И мы сделали махаона. С огромными крыльями!
Ведь само слово "махаон" - с огромными крыльями.
И оно дает ощущение воздуха.
Мы отпустили махаона с крыши и, затаив дыхание, долго смотрели, как
летит он и показывает нам воздух, которого нам видеть не дано.
Белым-белы, говорят, были воды озера Киево.
Даже и в безветренные дни шевелились и двигались они и вдруг белою
волной взмывали в небо.
Чайки, чайки - тысячи чаек жили на озере Киево. Отсюда разлетались по
ближайшим рекам. Летели на Москву-реку, на Клязьму, на Яузу, на Сходню. Все
чайки, которых мы видели в Москве, выводились на озере Киево.
Вначале озеро Киево было далеко от Москвы. Но потом оно делалось все
ближе, ближе. Озеро-то не двигалось, но рос огромный город, и он хотел быть
все огромнее, огромнее. И чем больше становился город, тем меньше
становилось озеро. Меньше талой воды приходило сюда весной, пересохли ручьи
и подземные ключи.
Ссохлось озеро Киево. Морщины островов и заливов раскололи водное
зеркало. Почти все чайки ушли на вольные места, а многие стали жить на
земле, на пашне.
"Киево" - это, конечно, необыкновенное слово. Слово еще осталось.
Остались на озере и редкие чайки.
С последними чайками остались и мы.
Когда в лесу кричит сойка - мне кажется, что огромная еловая шишка
трется о сосновую кору.
Но зачем шишке об кору тереться? Разве по глупости?

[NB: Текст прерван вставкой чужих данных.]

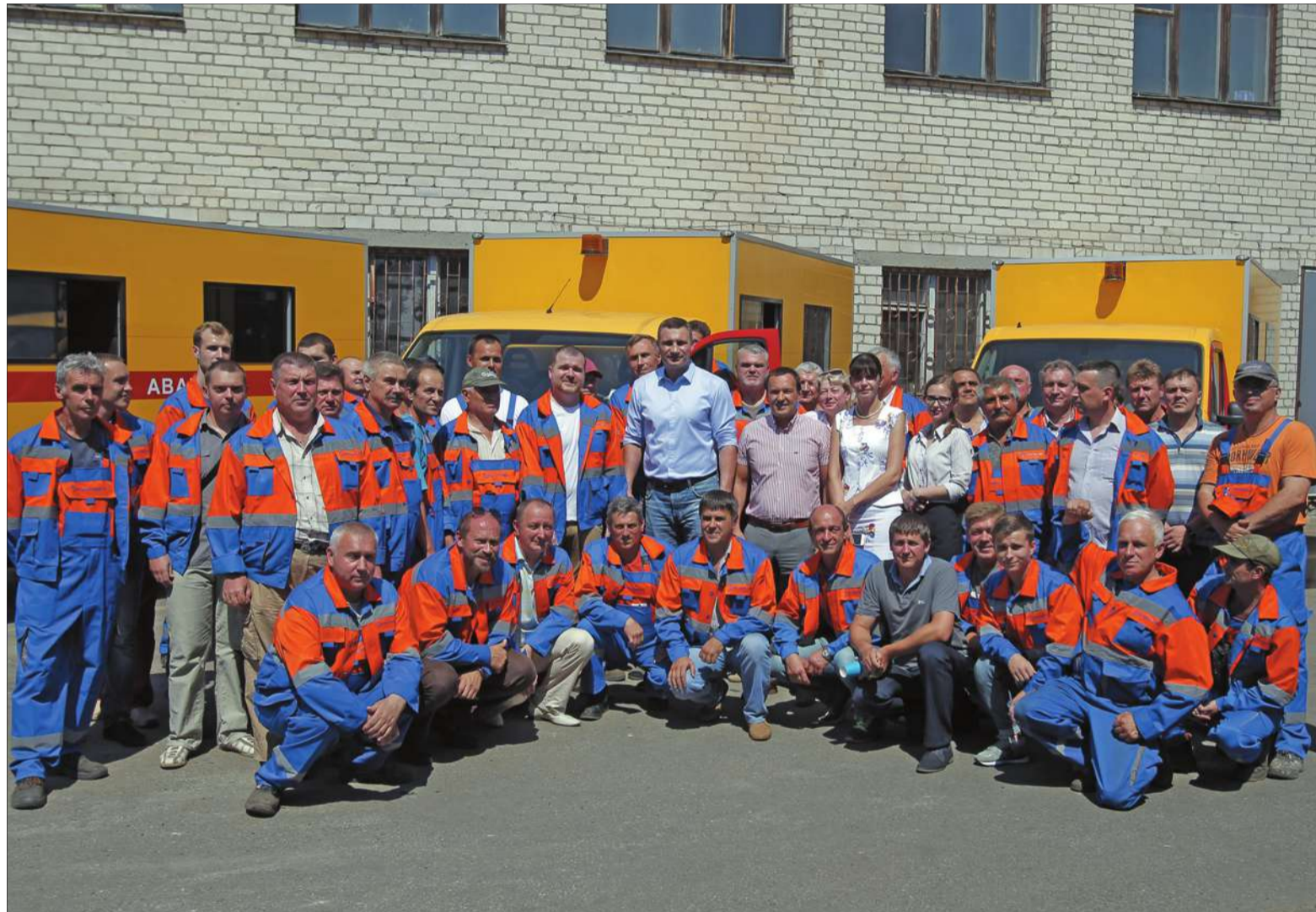
Сьогодні штат «Київтеплоенерго» налічує 211 осіб, і цього достатньо для ефективної роботи потужностей теплового господарства, яке обслуговує Дніпровський та Дарницький райони

Комунальне підприємство в перспективі забезпечуватиме стабільне теплостачання всім мешканцям
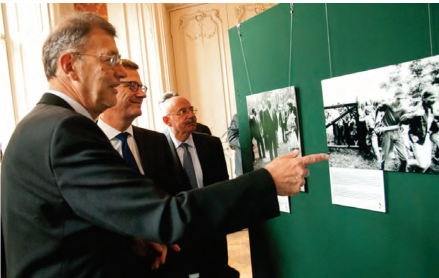
Der Rektor der AUB und die beiden Minister im Gespräch während der Eröffnung der Ausstellung

Nach den beiden Reden eröffnete dann Gergely Pröhle die Fotoausstellung „40 Jahre – 40 Bilder“ und die Gäste konnten die Ausstellung im Andrassy-Saal besichtigen, welche später auch im Auswärtigen Amt in Berlin gezeigt werden wird. Die Ausstellung zeigt dabei 40 Fotografien von historisch bedeutsamen Momenten aus 40 Jahren diplomatischer Beziehungen zwischen Deutschland und Ungarn, worunter sich zum Beispiel auch ein Bild vom Besuch der deutschen Bundeskanzlerin, Dr. Angela Merkel an der AUB im Jahr 2007 befindet.
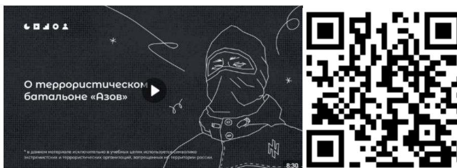
Рисунок 2 – Видеоролик, разъясняющий причины признания организации террористической

3) батальон «Азов» (см. рисунок 2) — военизированное подразделение, созданное в 2014 году на базе футбольных ультрас и праворадикалов Харькова и некоторых других украинских регионов. «Азовцы» причастны к массовым военным преступлениям против мирного населения Донбасса и Украины. Сама организация признана террористической в России по решению Верховного Суда Российской Федерации от 02.08.2022 г. № АКПИ22-411С. Батальон «Азов» входит в состав Национальной гвардии, подчиненной Министерству внутренних дел Украины. С 2014 года боевики батальона «Азов» систематически пытали, убивали и грабили мирных жителей ДНР, ЛНР и востока Украины. У батальона неонацистская идеология. Это проявляется в расизме, русофобии, восхвалении наследия Третьего рейха и украинских коллаборационистов в годы Второй мировой войны. Среди боевиков в том числе распространены радикальные неоязыческие взгляды. Свою идеологию боевики активно распространяют среди украинской молодежи через лагеря подготовки, печатную продукцию (комиксы, книги) и интернет-сообщества. С «Азовом» активно сотрудничает большое количество праворадикальных течений на Украине (признанных в России экстремистскими организациями), например, «Правый сектор», «УНА-УНСО», организация «Тризуб им. Степана Бандеры» и т.д.

А сойка кричит для красоты. Она думает, что это она поет. Вот ведь
какое птичье заблуждение!
А на вид сойка хороша: головка палевая с хохолком, на крыльях - зеркала
голубые, а уж голос, как у граблей - скрип да хрип.
Вот раз на рябине собрались три сойки и давай орать. Орали, орали,
драли горло - надоели. Выскочил я из дому - сразу разлетелись.
Подошел к рябине - ничего под рябиной не видно, и на ветках все в
порядке, непонятно, чего они кричали. Правда, рябина еще не совсем созрела,
не красная, не багряная, а ведь пора - сентябрь.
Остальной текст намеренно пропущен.